Writen by Bryce Whitty
As a computer technician, my clients frequently ask me “Why do people create computer viruses?”, especially after I have been called out to remove a virus from their computer. This is what I tell them.
There are hundreds of thousands of viruses out there (if not millions) and they often designed for different objectives. Most of them fall under the following categories:
- To take control of a computer and use it for specific tasks
- To generate money
- To steal sensitive information (credit card numbers, passwords, personal details, data etc.)
- To prove a point, to prove it can be done, to prove ones skill or for revenge purposes
- To cripple a computer or network
To Take Control of a Computer and Use It for Specific Tasks
This is the most common type of virus, which is better classified as a trojan. These types of viruses are usually downloaded unknowingly by the computer user thinking that the file is something else, such as a file sent from a instant messenger friend or email attachment.
Once the host computer has been infected (known as a zombie computer), the trojan joins a private chat channel and awaits orders from its “Zombie Master”. This Zombie Master who is often the virus creator, will gather thousands of infected machines called a botnet and use them to mount attacks on web servers. The Zombie Master can command each of these infected computers will send a tiny bit of information to a web server – because there are potentially thousands of computers doing this at once, it often overloads the server.

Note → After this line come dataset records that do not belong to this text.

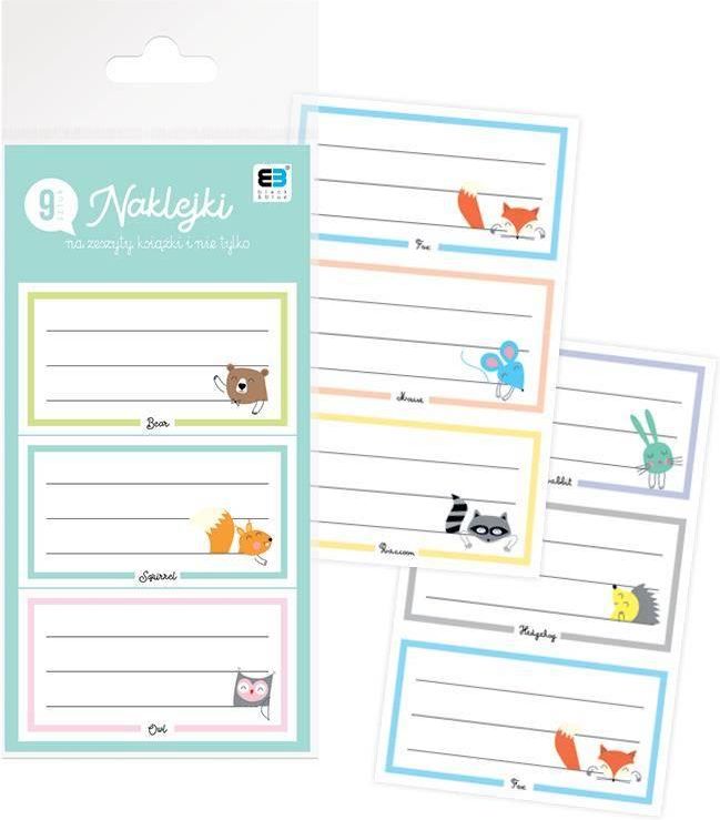 Kolorowe naklejki na zeszyty Interdruk B&B. Naklejki z serii produktów stworzonej specjalnie z myślą o najmłodszych. Wzór: mix Rozmiar: 40 x 75 mm Nadrukowana liniatura (3 wersy) ułatwiająca opisywanie 9 sztuk naklejek na zeszyty z sympatycznymi zwierzakami.
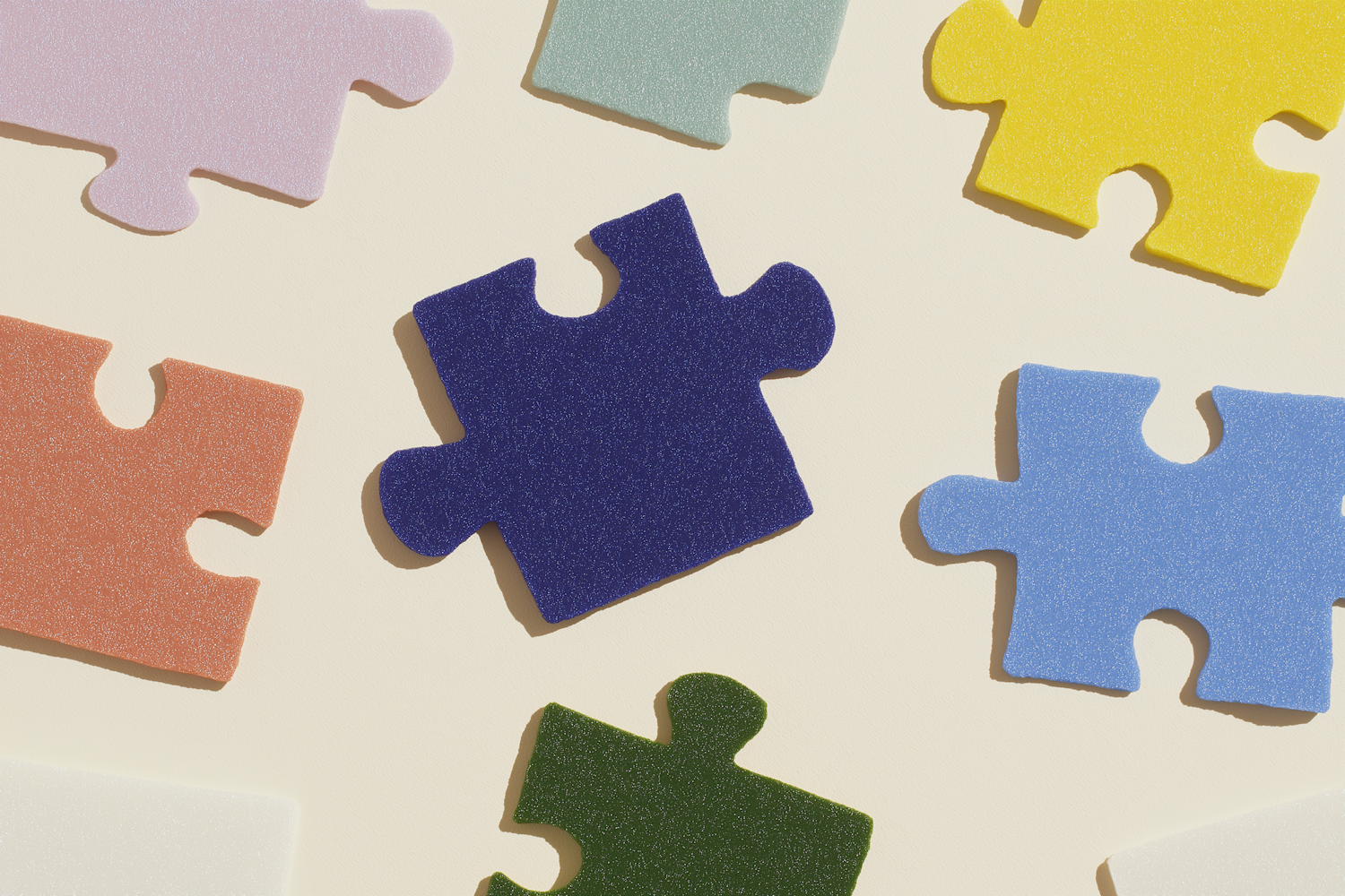 Colorful, textured puzzle pieces scattered on a light background, featuring vibrant hues like blue, yellow, and green. Perfect for designs.
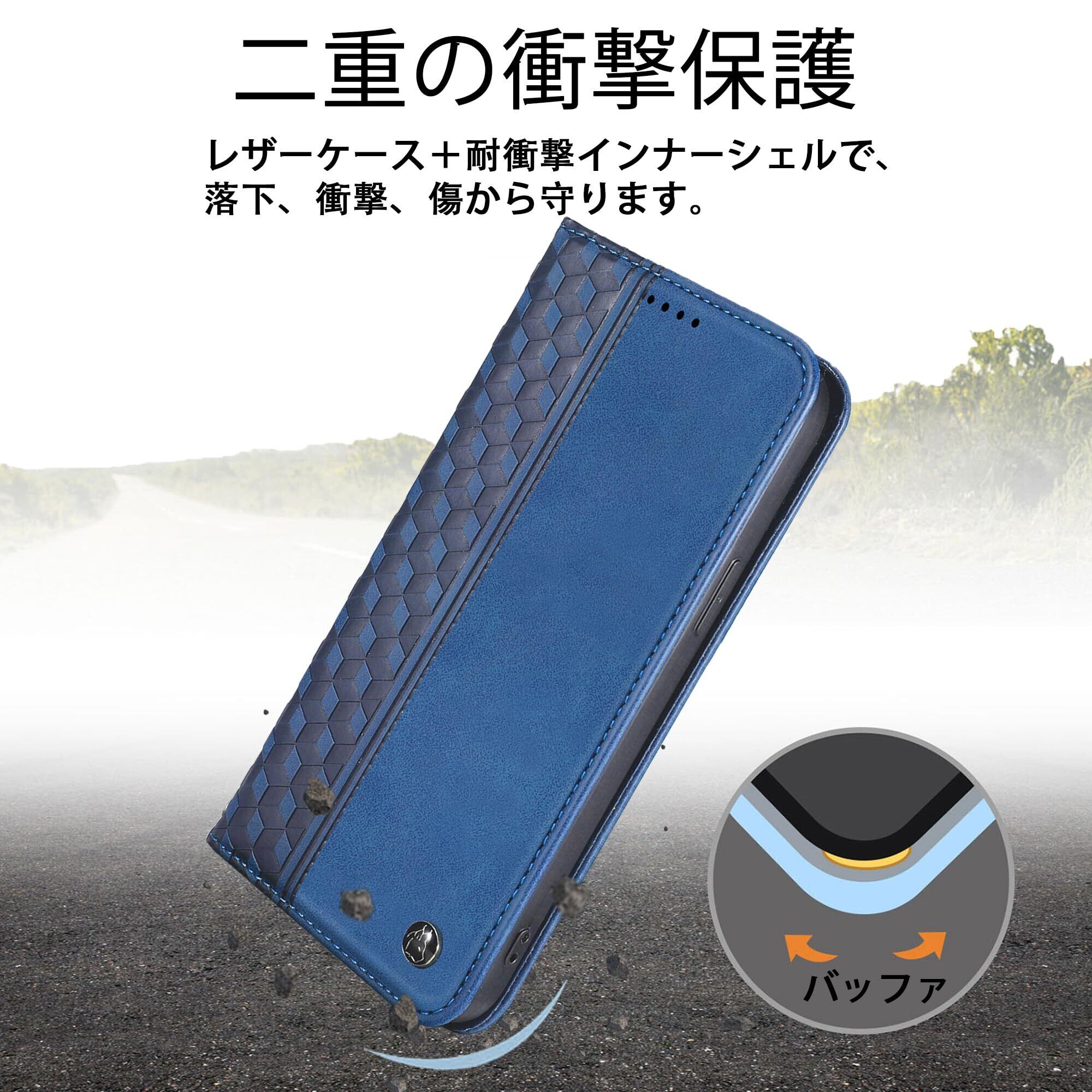 iPhone 16 ケース 手帳型 アイフォン16 ケース iPhone 16 手帳型 ケース ひし形柄 iPhone16 ケース 手帳型 マグネット式 スタンド機能 iPhone 16 携帯カバー カード収納 財布型 iPhone 16 スマホケース 軽量 薄型 全面保護 耐衝撃 6.1インチ対応 - ブルー
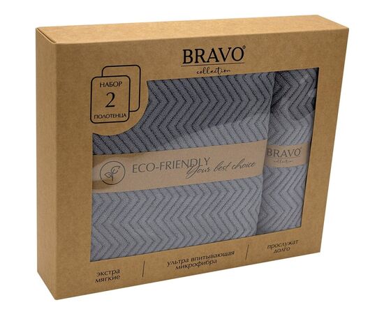 Набор из двух полотенец 35×75 см и 70×140 см, произведённых из микрофибры, упакован в стильную крафтовую коробку.
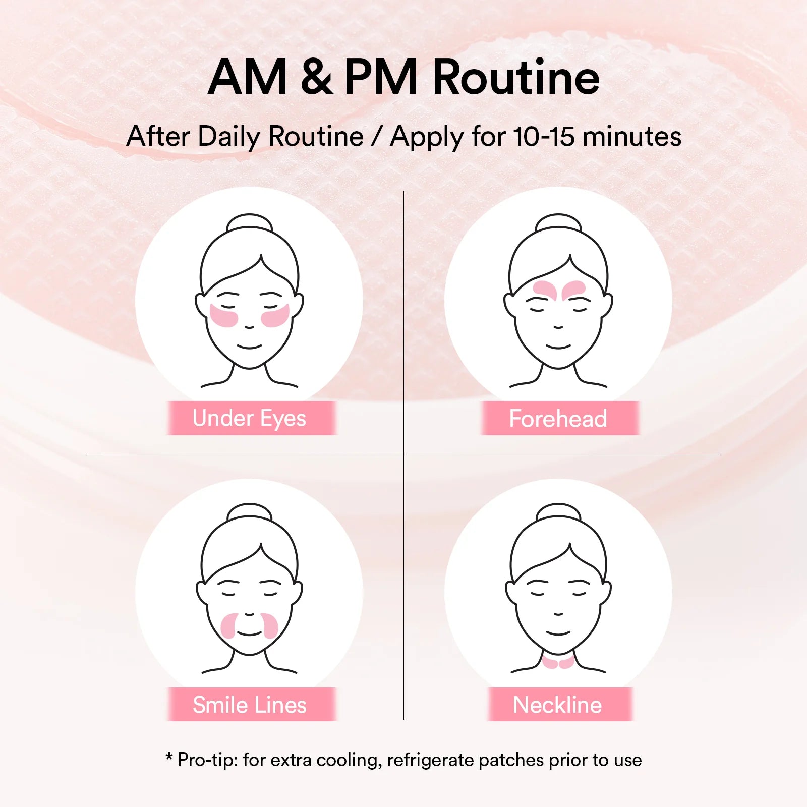 Coloque el parche en la zona debajo de los ojos y retírelo después de 10 a 15 minutos.

The Zombie Master may want to do this to another website because it is a rival website, a figurehead website (such as whitehouse.gov) or it may be part of an extortion plan. “Send me $5000 or your Toy selling website will be offline over the Christmas holidays”.
The Zombie Master can also use these infected computers to send spam while the zombie master remains anonymous and the blame goes to the infected computers.
To Generate Money
These types of infections often masquerade as free spyware or virus removal tools (known as rogueware). Once ran, these fake applications will “scan” your computer and say it found has someviruses (even if there arent any) and in order to remove them, you must pay for the full version of the application. A good example of such a infection is called Myzor.fk whichwe have written about in the past.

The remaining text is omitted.